Archive | February 2010

I am an Israelite

Update on our resolution. Many, many thanks to Melissa Gibbs and her invitation to read through the Bible in a year. It’s February 6, and I’m happy to say both I and my hubby are back in the word (most days anyway:). I think – for me anyway – it started out as an obligation, and a bit of drudgery. But God’s word is a story – the best story – so we now meet the task not so much like a runner to the treadmill but more like (forgive my sacrilege) a Jack Bauer fan to a Sunday night. It’s interesting, exciting, and inviting.
Today was a big day. First, God parts the water of the Red Sea so the Israelites escape Egypt, and then, the waters pound back down to bury the Egyptian army. Of course the story is amazing, but what always gets me is those dumb Israelites. Three verses after a miracle, they’re complaining to Moses about bad-tasting water. After all they’ve seen, complaining. They’re just idiots. Stupid, bratty, forgetful idiots.
Of course, I think about this story for two seconds, and then the conviction hits. I quickly remember my own complaining. and worrying. and doubting. and the miracles I stubbornly forget. Everyday there’s some common annoyance, something lacking, something worrysome, something just as selfish and petty as yucky water, that has me grumbling to God.
I heard some guy on the radio recently say that faith is a function of memory. I had always thought of “faith” as some irrational but godly surrender of everything potentially awful in the future. But I think he’s right – that faith is more like forcing yourself to remember the acts of God in your past.
My little miracle is one room away, taking his ten o-clock nap. He’s not our miracle baby like most mean it, with hopeful praying month after month and finally those cheerful pink lines. No, when I think of our miracle, I remember standing in the nursery, holding him sobbing, wondering if he would ever look us in the eye or play normally or laugh and smile with us. I remember Todd and me on our knees in our living room, begging God to give us wisdom and heal our little Sam. I never want to forget. I want to remember my miracles. Forgive me, God, when the worries of today make me doubt.
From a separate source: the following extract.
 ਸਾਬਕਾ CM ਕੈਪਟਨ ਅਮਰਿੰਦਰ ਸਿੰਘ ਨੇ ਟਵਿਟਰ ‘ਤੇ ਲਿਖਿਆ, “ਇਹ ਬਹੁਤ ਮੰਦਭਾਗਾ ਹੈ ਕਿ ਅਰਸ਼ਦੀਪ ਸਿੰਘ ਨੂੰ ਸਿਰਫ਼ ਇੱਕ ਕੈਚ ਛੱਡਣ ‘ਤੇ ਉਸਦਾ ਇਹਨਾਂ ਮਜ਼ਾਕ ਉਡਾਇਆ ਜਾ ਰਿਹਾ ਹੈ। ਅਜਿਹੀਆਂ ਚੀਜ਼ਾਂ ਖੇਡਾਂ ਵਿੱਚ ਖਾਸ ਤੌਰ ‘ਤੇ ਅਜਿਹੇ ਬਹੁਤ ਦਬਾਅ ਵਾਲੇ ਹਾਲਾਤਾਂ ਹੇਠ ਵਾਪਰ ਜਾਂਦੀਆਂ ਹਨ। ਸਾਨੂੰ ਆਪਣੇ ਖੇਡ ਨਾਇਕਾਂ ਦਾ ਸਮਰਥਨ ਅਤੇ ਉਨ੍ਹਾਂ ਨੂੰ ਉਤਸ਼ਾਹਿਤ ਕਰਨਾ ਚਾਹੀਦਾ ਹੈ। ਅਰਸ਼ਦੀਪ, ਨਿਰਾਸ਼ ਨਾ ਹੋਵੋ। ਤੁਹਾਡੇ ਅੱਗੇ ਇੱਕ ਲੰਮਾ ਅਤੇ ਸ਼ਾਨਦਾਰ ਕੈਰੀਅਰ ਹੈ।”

“In your unfailing love you will lead
the people you have redeemed.
In your strength you will guide them
to your holy dwelling.” ~ Exodus 15:13

Perspective.

First, a story. Sam now hates his bouncy seat. I don’t know how it happened, but the place that for months brought so much laughter, entertainment, and joy (and that’s just to us) has become a downer. He cries even at the sight of it, his little legs kicking in defiance as you hold him above it. I guess it’s like the junior-higher whose stuffed animals get hidden when friends come over, the eight year old who stops playing Candy Land with mom…It’s inevitable, but sad. To me it was a lesson. Sure, they grow up so fast, blah, blah, blah, but more than that I was embarrassed – embarrassed of how seriously I took myself during those first hard days of motherhood. I think I really thought it would last forever. That I would never get a shower again, that I would rock a crying baby to sleep every two hours the rest of my life, that I would never again have five hours of sleep in a row. And yet (sadly I realize), it’s not true. People told me over and over, but somehow the neglected farm animal Fisher price bouncer brought it home. Life FLIES.
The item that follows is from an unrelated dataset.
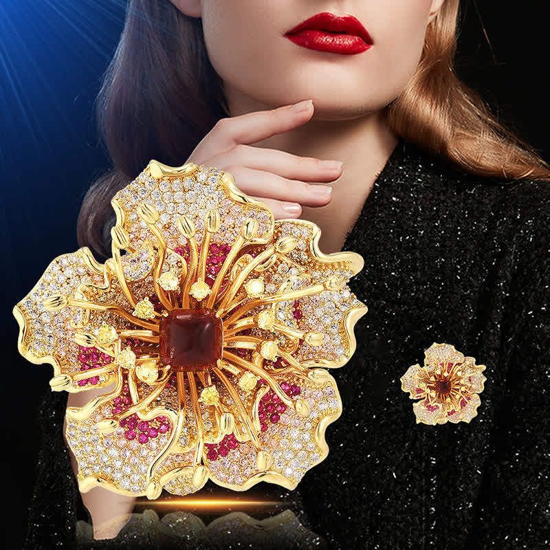- Gold plated flower petals and flower stamens were encrusted in glimmering colore zircons.

Second, a quote. We are watching “The Purpose Driven Life” as a family, and in the first video he says, “Imagine that eternity is a measuring tape from New York to Tokyo. Your life on earth is a few millimeters of that tape.” Again, embarrassment. My tears and worries and work seem to be about all the wrong things.
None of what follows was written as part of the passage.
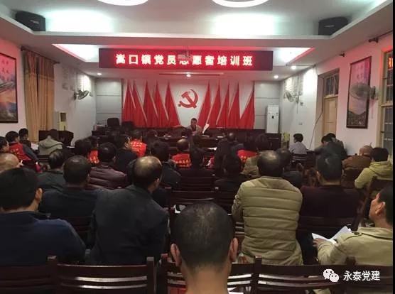发放宣传资料,提高创城氛围 嵩口镇党委举办党员志愿者培训班,党委书记鲍瑞坊就如何增强志愿者服务意识为切入点,对志愿者服务相关法律法规、服务内容和服务规范等相关知识进行讲解,进一步提升嵩口镇党员志愿服务水平。

Third, a tragedy. The day after watching the video a fellow teacher and friend died in a car accident. Same age as me, driving the same road I would drive, the same time I would drive it. Gone. Luckily for Aimee, her funeral was a celebration. She spent her life caring about Jesus and others and all the right things. No, my grief (aside from the heartbreak for her parents) was selfish. Am I ready like she was? I want to get it right, want to care about the right things, want to leave here unashamed…
“Lord, teach us to number our days, that we may gain a heart of wisdom.”